Do Morons Make Prediction Markets More Accurate?
In the past few years, we have seen the widespread popularity of prediction markets, like Kalshi or Polymarket. As a fan of prediction markets, I find this extremely exciting. Prediction markets are an incredible way to aggregate information, and get accurate predictions on the likelihood of an event happening.
I am instinctively displeased, however, to see how Kalshi and Polymarket promote themselves, especially on Twitter. Whoever they have running the account seems to have no idea how their product works in even the most trivial respects. Take, for instance, this tweet, which seems unaware of how odds should be a first order Markov variable.
There are lots of tweets like this, which I will not provide. (I do not like crawling through advertisements). Their goal is, of course, to get the attention of morons, who will then bet on it. They are gambling markets, and thus profit when people make trades, whether or not those trades are accurate. However, we might reasonably be concerned that a deluge of uninformed rubes will make the odds less accurate.
We should quickly review how prediction markets work. There is some event we are interested in, which can be resolved as some set of yes’s and no’s. For instance, we might want to know who the next Mayor of New York City will be. Suppose the current odds were 50-50 between Candidate A and Z. This would mean you could buy a token which will be worth $1.00 if Candidate A wins, and $0.00 if they lose, at a price of $0.50. Bettors are not buying it from other traders at a mutually agreeable price – that would be too complicated to make work – but are instead buying it from a liquidity provider, who puts money into the market by buying a balanced share of both yes and no. The liquidity providers are compensated by a fee for making the trade. The price changes automatically as someone buys more of yes or no, and follows a logarithm. The more liquidity there is, the less a single trade affects the price of the market. Liquidity providers profit when there are small changes in price, and lose money when there are large changes in price. Polymarket does this automatically, while Kalshi uses Susquehanna River Trading to provide liquidity. They also have an order book, where people list their own willingness to buy and sell, and place limits on how much they can lose from adverse selection.

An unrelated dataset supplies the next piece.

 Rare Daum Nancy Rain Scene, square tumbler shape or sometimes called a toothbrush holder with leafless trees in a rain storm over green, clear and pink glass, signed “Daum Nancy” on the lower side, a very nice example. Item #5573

Imagine there are two types of traders, informed and uninformed. Alternatively we could say that there is a continuum of traders by the accuracy of their predictions, but that seems needlessly complicated. Both types of traders pay a fixed cost to enter the market, and face some cost of acquiring capital. I conceptualize the fixed cost as spending a binary amount of time to receive a signal, and not allow for someone spending more time to acquire more of a signal.

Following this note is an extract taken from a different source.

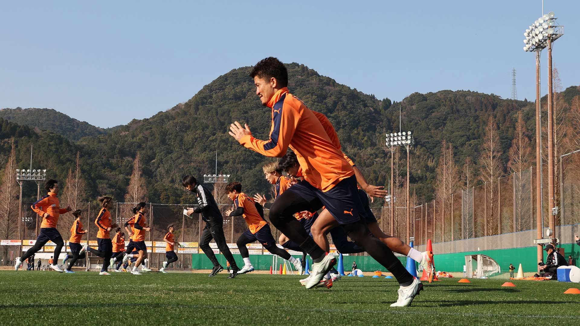 小雨が降った前日から一転して、少し汗ばむほどの快晴に恵まれたキャンプ3日目。早朝、チームスタッフが準備した午前練習用の用具はカラーコーンやマーカーのみで、GKのトレーニングエリア以外にはボールが一つも出ていなかった。秋葉忠宏監督が「鹿児島ではもっときつい練習で追い込んでいく」と宣言していたとおり、厳しいフィジカルメニューが待ち受けていた。

First things first, more uninformed traders allows the trading fee to be smaller, and are necessary for the market to exist at all. We need people to enter with no information in order to make providing liquidity worthwhile. Otherwise, liquidity providers would lose money on every trade, as they get picked off by people who know better.
Beyond this, though, we might be concerned that if uninformed traders are biased they could shift the odds one way or another, and this brings us to the central argument of this article.

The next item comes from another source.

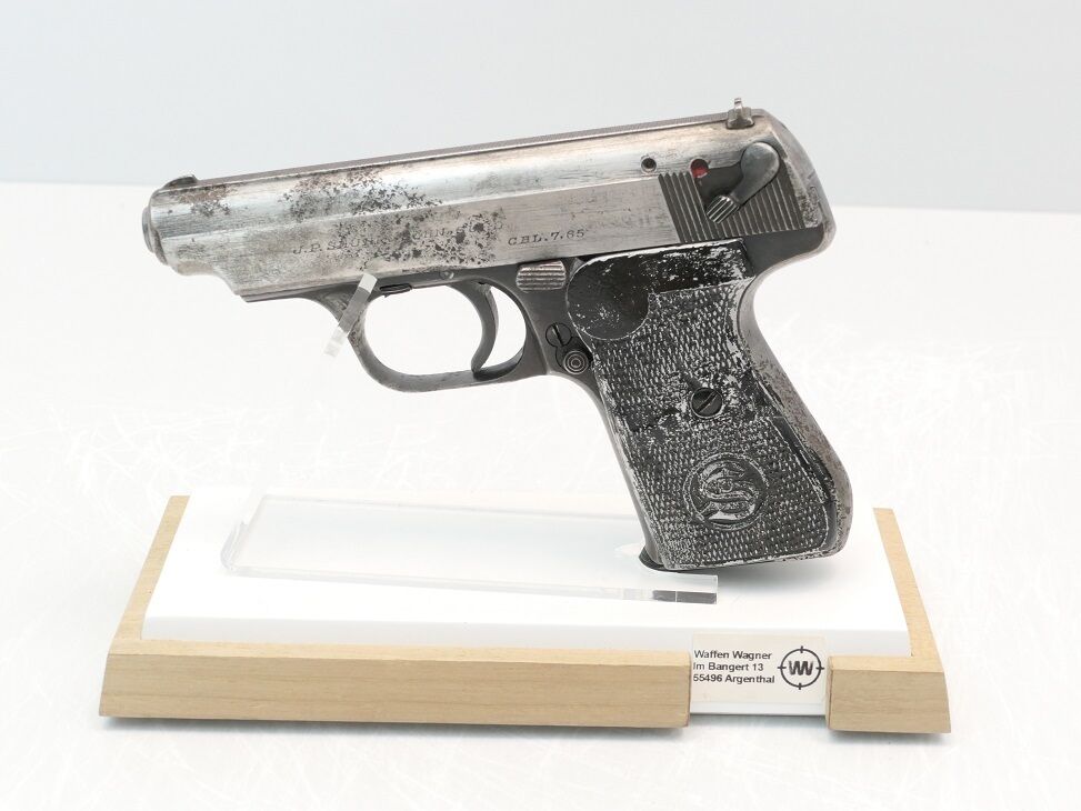 J.P. Sauer & SohnPistole Modell 38HBeschussjahr: 1939-1945Kaliber: 7,65mm Abzug: DA inkl. Magazin und Holster.Original Griffschalen, die linke Griffschale hat einen reparierten Riss.Funktion geprü... ...weiterlesen

If the only cost that informed traders face is a fixed cost to spend their time on prediction markets, then morons, even biased ones, will improve the accuracy of the prediction market. By increasing the stakes, it allows more people to pay the fixed costs of acquiring a better signal. If, however, traders face no fixed costs, but do face increasing costs as they seek more and more capital, then attracting more morons would lower the accuracy of a prediction market. If traders face both, then attracting morons will first raise the accuracy of the prediction market, then lower it.
Which prevails? I do not know. However, we should not be cavalier about advertising prediction markets. It is possible that what is privately optimal, and socially optimal, are not aligned.
A possible way to tackle this is to regress trading volume on Brier score, which is a measure of how accurate the prediction markets were. Alternatively, I think we could pull out a cost of capital from the percentages that nonsense markets trade at. There are people who have positive amounts on Jesus returning this year, because they expect the people betting no will have to pull their money out before they do. I think it should be possible to infer the cost of capital from this, although how is not obvious.


It seems like you could plausibly use sports betting as a proxy for measuring/estimating the marginal effect of dumb money. It also seems plausible that you could have some exogenous shocks to the interest of ‘dumb money’ in particular outcomes (e.g. random rescheduling pushes a match to a more or less desirable timeslot) that would let you measure their effect on accuracy
Isn't the market for Jesus Returning just a bet on interest rates? If you are certain the answer is No, but paid a year later, you should only be happy buying with a No price of 1 minus the interest rate. Buying Yes is equivalent to Selling No, so if you think that No is over-valued, ie that interest rates will rise soon, then you can profit by buying Yes today (and selling it when they do rise).